The use of the expected value function provides a practical way to convert IVIF data into a solvable crisp model. While this step simplifies the computational process, it also represents a balance between preserving uncertainty information and ensuring tractability.
Despite these advantages, some limitations remain. The increase in problem size due to the introduction of auxiliary variables may restrict applicability to large-scale problems. Additionally, the reliance on expected value transformation may reduce the richness of uncertainty representation.
Future research may focus on:
Developing more efficient linearization or approximation techniques, Extending the model to hybrid uncertainty environments. Applying the method to real-world large-scale optimization problems.
Conclusion
Although hybrid uncertainty models combining probabilistic and fuzzy information are important, this study focuses on IVIF uncertainty as a balance between expressive modeling and computational tractability. This work delineates a method for addressing the FIVIFMQP problem utilizing IVIF numbers for all parameters and decision factors. The author initially employed a linearization technique to convert the quadratic objective function into a linear format. Subsequently, we applied the anticipated value function to all coefficients of the objective function and constraints to convert the issue into its precise counterpart. The extended fuzzy technique simplifies the crisp issue to a singular quadratic programming problem. A compromise solution to the FIVIFMQP problem was ultimately achieved by addressing the multilevel programming issue. The author provided an example to illustrate the application of the proposed method in addressing the FIVIFMQP problem. The presented example is designed to illustrate the applicability of the proposed model. However, further validation on large-scale and real-world problems is required to fully assess the computational performance and scalability of the approach. This remains an important direction for future research. In additional this study provided a focused review of uncertainty models in multilevel quadratic programming, systematically classifying previous contributions according to the type of uncertainty, the approaches used to handle it, and whether uncertainty affects parameters or decision variables. This targeted review reinforces the manuscript's claim of novelty: to the best of our knowledge, there is no existing algorithm specifically designed for the FIVIFMQP problem. By clearly locating this gap in the literature and proposing a practical solution, the paper not only fills an important methodological void but also outlines concrete directions for future research and application.
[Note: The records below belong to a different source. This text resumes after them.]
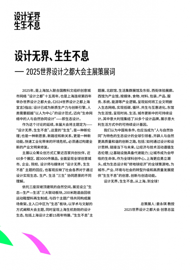 2025年是上海成為“設計之都”15周年,也是上海連續第4年舉辦世界設計之都大會。本屆大會以“設計無界,生生不息”為主題,持續踐行“構建全球設計創新合作平臺、探求設計驅動新質發展之路、推動城市和生活處處有設計”的使命願景。
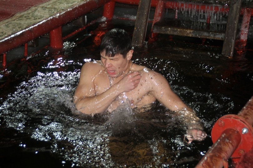 Саратовцы по-разному выражали свои эмоции от ныряния: одни весело бежали на обогрев, другие кричали благим матом, третьи и вовсе - подойдя к купели, в последний момент разворачивались и уходили. Многие приходили парами: один ныряет, другой снимает.
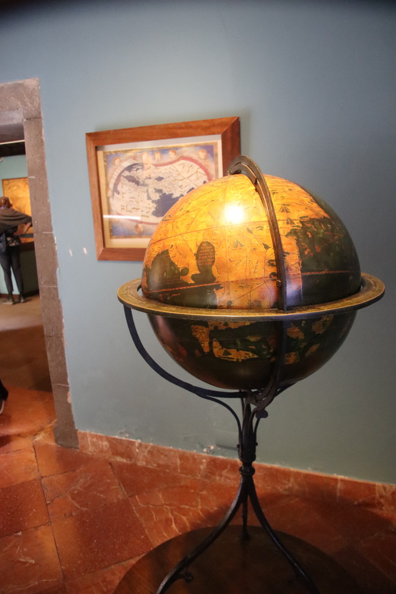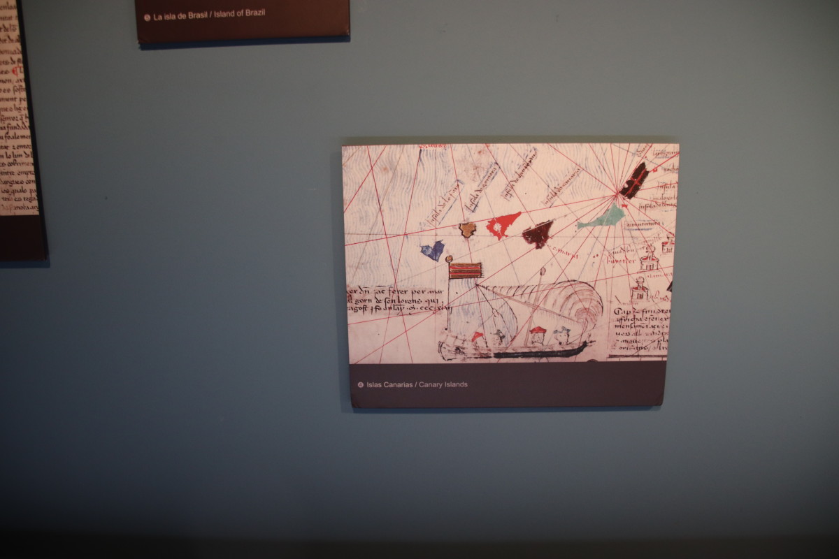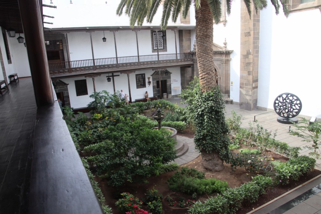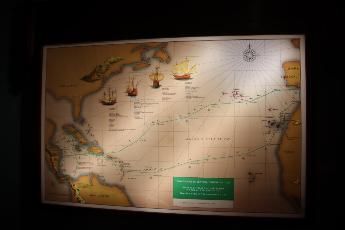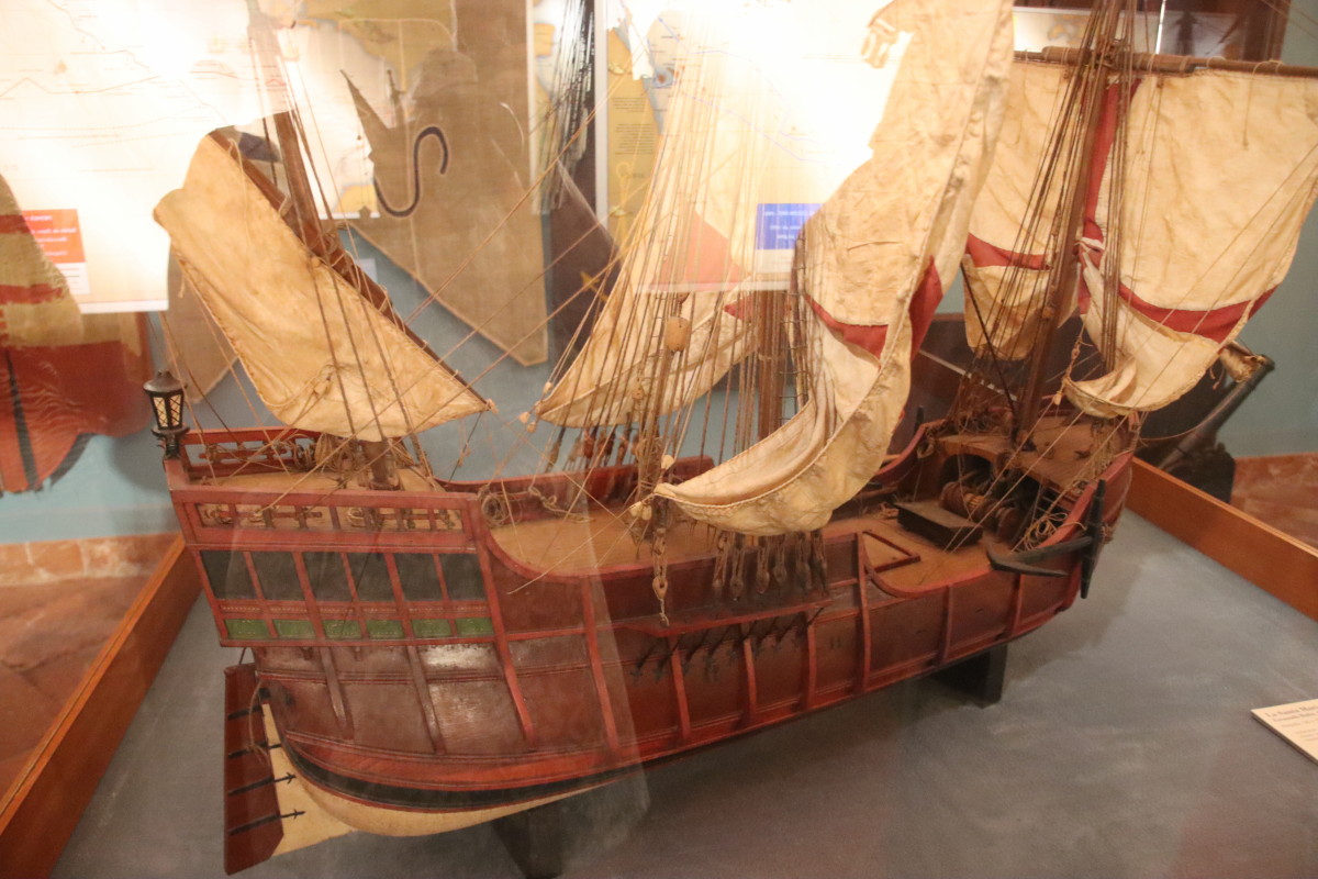 Là le gardien nous laisse les stocker dans un recoin derrière la porte d’entrée. C’est une exposition très intéressante dans un magnifique palais apparemment du XVIIIème siècle (en fait l’assemblage réalisé dans les années 1950 de plusieurs demeures dont l’une était la maison du gouverneur et la plus vieille datait de cette époque). Elle retrace le rôle de l’archipel et tout particulièrement de Las Palmas sur la route des Amériques, étape nécessaire lors de trois des quatre voyages de Christophe Colomb, lors du 4ème, il ne s’arrêta qu’à La Gomera. Plusieurs salles sont aussi consacrées aux navires utilisés et à la cartographie de l’époque. Pour sa première traversée (La Gomera – San Salvador dans le Sud des Bahamas) il aura parcouru les 3200 milles de la route directe en 36 jours soit une moyenne de 3,7 nds dans des conditions difficiles vu qu’il était resté très au nord de ce qu’on appelle aujourd’hui la route des alizés.
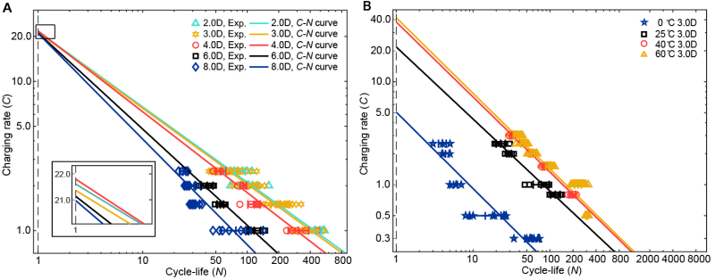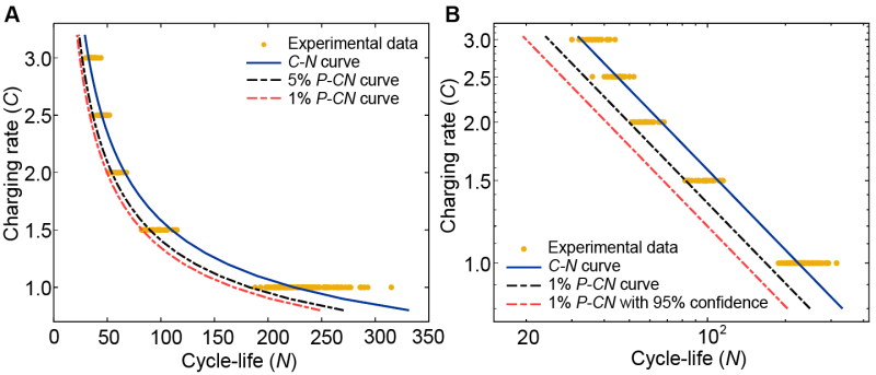 曲线是固体材料中疲劳可靠性分析与评价的经典准则。商用锂电池在循环服役过程中,同样面临寿命退化的问题。然而,锂电池寿命退化与固体材料的疲劳不同,其涉及复杂的力-热-电-化等多方面因素。如何精准刻画锂电池的寿命演化规律,是领域内长期困扰的科学问题。
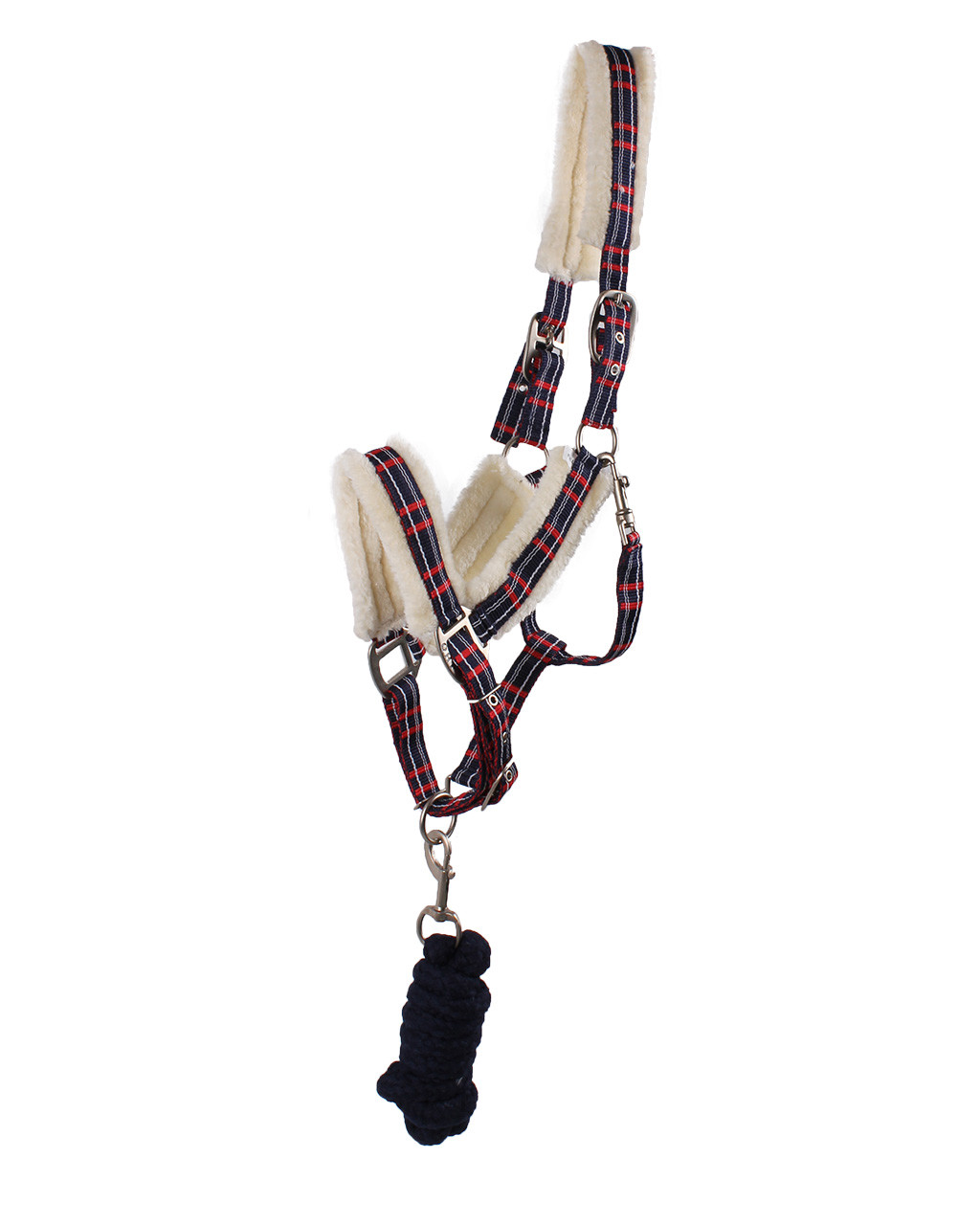 Capezza foderata con pelliccia sintetica sulla nuca, sul naso e sulle guance. Presenta un grazioso motivo a scacchi, fibbie satinate e viene fornita con una longhina abbinata con moschettone.

Future research may focus on extending the model to hybrid uncertainty environments, improving computational efficiency, and applying the approach to large-scale real-world problems, and applying the approach to large-scale real-world problems, and an empirical benchmarking study comparing the proposed uncertainty-handling framework against recently developed techniques in related optimization settings to further substantiate its computational and solution-quality performance.
Footnotes
Funding
The authors received no financial support for the research, authorship, and/or publication of this article.
Declaration of Conflicting Interests
The authors declared no potential conflicts of interest with respect to the research, authorship, and/or publication of this article.
Data Availability Statement
No data was used, generated, or analysed in the course of this study. Consequently, the Data Availability section is not applicable.